“I had to learn to breathe again”
“God loves me and blesses me.” The man who says this often has to literally fight for every breath he takes. Florent Girard, who lives in France, was born with cystic fibrosis, a genetic condition. Where does he take the strength to cope with it?
Florent was born in 1982. He is the first child of Patricia and Bernard Girard. Bernard is a Deacon in Amnéville (France) today. Already as a baby Florent often had infections, but the doctors did not think it was potentially serious.
Then, when he was two years old, he had a serious infection with a very high temperature, and Florent’s mother insisted that the cause be found. “Three weeks later we were told that Florent had cystic fibrosis,” she says. “We knew nothing about the disease at the time.” Only a year later, when the parents joined a support group, did they realize how serious a diagnosis this was.

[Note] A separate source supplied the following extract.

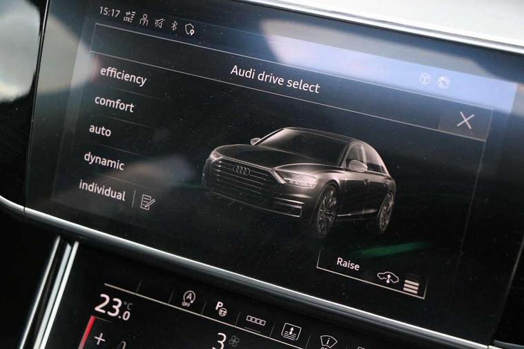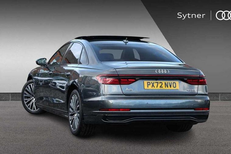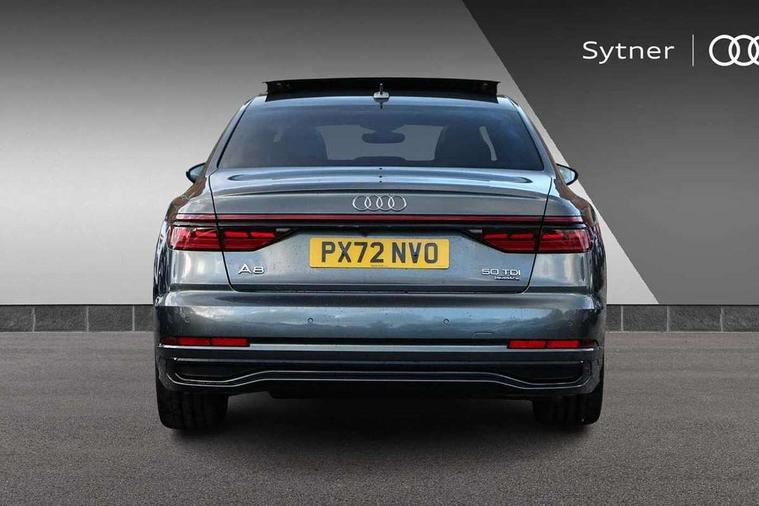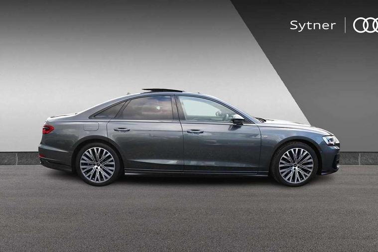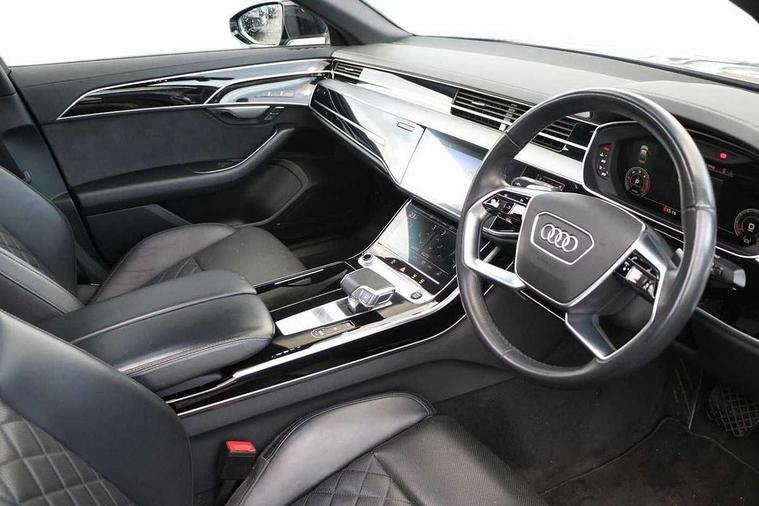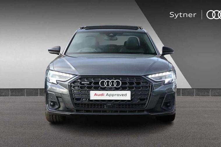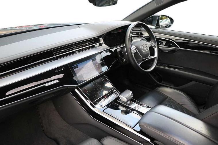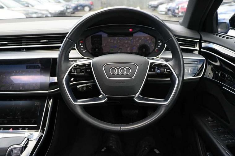 'Lights On' Reminder warning buzzer, Adaptive cruise control with cruise assist, emergency assist, efficiency assist, swerve assist, turn assist and speed limiter, Audi connect safety and service (e-call), Audi drive select, Audi parking system plus with front and rear sensors, Audi phone box with wireless charging, Audi virtual cockpit, Audi wireless smartphone interface, Bluetooth interface, Camera based traffic sign recognition, Convenience key, Electro - mechanical power assisted steering, Head up Display, MMI navigation plus with MMI touch + Twin touch screens with haptic feedback, Operating buttons in black, glass look with haptic feedback including extended aluminium look, Power door closure, Power operated tailgate, Rear view camera, Remote fuel filler release, Service interval indicator, 24 litre AdBlue tank, 48V Mild hybrid technology, 8 speed transmission with hill hold assist, 82 litre fuel tank, Adaptive air suspension, Diesel particulate filter, Quattro all wheel drive with self locking centre differential, Audi music interface, Audi sound system, DAB digital radio module, DVD System, MMI radio plus, USB connection, Acoustic double glazing, Audi space frame, Auto dimming rear view mirror, Body colour bumpers, Body colour door handles, Body colour side protection with aluminium trim strips, Electric front windows, Electric rear windows with isolation switch, Electrically adjustable heated folding + automatically dimming exterior mirrors with memory function and integrated LED indicators, Headlight cleaning system, Heat insulating glass in side and rear windows, Heat insulating glass windscreen, Heated rear window, Heated windscreen washer jets, High beam assist, LED brake lights, LED daytime running lights, OLED rear lights with changeable rear light signature, Privacy glass, Rear boot, Rear side wing doors, Side skirts, Third brake light, 12V socket, 2 zone automatic air conditioning, 3 seat rear bench with centre armrest in 2nd row, 4 way electric lumbar support for driver and front passenger, Black cloth headlining, Centre console with cupholders, Comfort centre armrest, Door pockets with bottle holder, Driver and front passenger side sunvisors with illuminated vanity mirrors, Dust/pollen filters, Electric front seats with memory function, Electric sunblinds for rear window and rear door windows, Front floor mats, Glove compartment cooling, Heated front seats, Height/reach electric steering column with easy exit function, Isofix child seat mounting points on outer rear seats, Leather gearknob, Passenger footwell storage net, Reading lights, Rear floor mats, Rear headrests, Roof mounted sunglasses holder, Single front passenger seat, Valcona leather upholstery with front sports seats in diamond quilted, Black exterior styling pack - A8 Black Edition, Chrome exterior pack - A8, LED interior lighting pack - A8, 3 point seatbelts on all rear seats, ABS/EBD, Active front headrest system, ASR traction control, Audi pre sense basic, Audi pre sense front, Black brake calipers, Driver/Front Passenger airbags, EDL traction control, Electromechanical parking brake, ESP, Extended pedestrian protection measures, Front and rear disc brakes, Front and rear side airbags with head airbag system, Front passenger airbag deactivation, Rear child proof door locks, Seatbelt reminder + electric contact in buckle + advanced safety equipment, Tyre pressure loss indicator, Warning triangle and first aid kit, Anti theft alarm tow away protection, Anti-theft wheel bolts and wheel loosening detection, Remote central locking, Dark matt brushed aluminium lower inlays,

Cystic fibrosis is a genetic disorder that affects mostly the lungs, but also other organs. The secretions of the lung and other organs, which are thin in healthy people, are thick and sticky and they obstruct the fine branches of the bronchi, leading to respiratory problems. Cystic fibrosis is incurable. If detected early, treatment can slow down the progression of the illness significantly.
The disease only breaks out if both parents pass on a certain gene. “I have two sisters, and the three of us all married sons from the same family, the Girards,” Patricia Girard says, and asks herself: why Florent of all people? Her son’s answer: “It would be a lot more painful for me if my brothers were sick. I thanked and still thank God that they are healthy.”
His first childhood memories are of having to stay in bed with a humidifier for twelve hours at a time and with a tent over his bed. When he started school he regularly had to go to hospital for two to three weeks. Life-threatening complications prevented him from writing his final exams. He had to abandon his plans to study law. He even had to abandon training and working in an institution for disabled people. “The most important thing my parents taught me is to trust in God,” Florent says.
With church songs off to sleep
Already as a small boy, Florent felt the intercessions of his brothers and sisters at Church. A touching experience in a divine service—he was actually mentioned by name in a prayer, which is anything but usual—gave him new courage and hope. The antibiotic therapy he was receiving was beginning to be more effective and for a longer term. Things were looking good the doctor told the then 23-year old with a big smile: “What happened? How is this possible?”
By 2012/2013 Florent knew that a lung transplant could not be put off much longer. The surgery was scheduled on 27 November 2015 at 3.30. “I sang our church songs, all of them, as they came into my head,” Florent reports of the time shortly before he was put to sleep.
The surgery lasted ten and a half hours. His parents were waiting at home, anxious, and did not stop praying. Deacon Girard remembers: “Afterwards we were told that Florent had lost a lot of blood and that his heart had stopped, but because a third surgeon happened to be there at that moment they were able to respond quickly.”
Florent describes waking up from the anaesthetic as follows: “I saw myself in our church and the choir was singing: ‘Come, everyone, and join our song: God loves us all.’ Then I opened my eyes and found myself in intensive care, thinking: ‘Wow, it worked. Thank You, God.’”
What the disease has taught us
“I actually had to learn to breathe again, but I can do a lot of everyday things now—like taking a shower, climbing stairs, and eating—that were difficult for me before.” And he is very happy that he can go to church more often now. “I really missed that.” Divine services for the departed are very special for Florent: “I really feel a need to remember the person whose lung I received.”
He wants to wait and see how the first year with his new lung goes: “If I feel good I would like to train for the job that I was recommended for thirteen years ago.” A place of his own and a relationship are also on his to-do list. “I always ignored my emotional needs. I did not want to burden anyone with my illness.”
“The disease has taught me a lot: it is important in life to be understanding and sympathetic and to have an ear for the needs of others; to believe in God and to stay on this way. I wonder if I would see things this way if I had not been sick?” he asks and adds, “The disease really robbed me of a lot. But the love of God, the love of my family, of my friends and the brothers and sisters is something that cannot be taken from me.”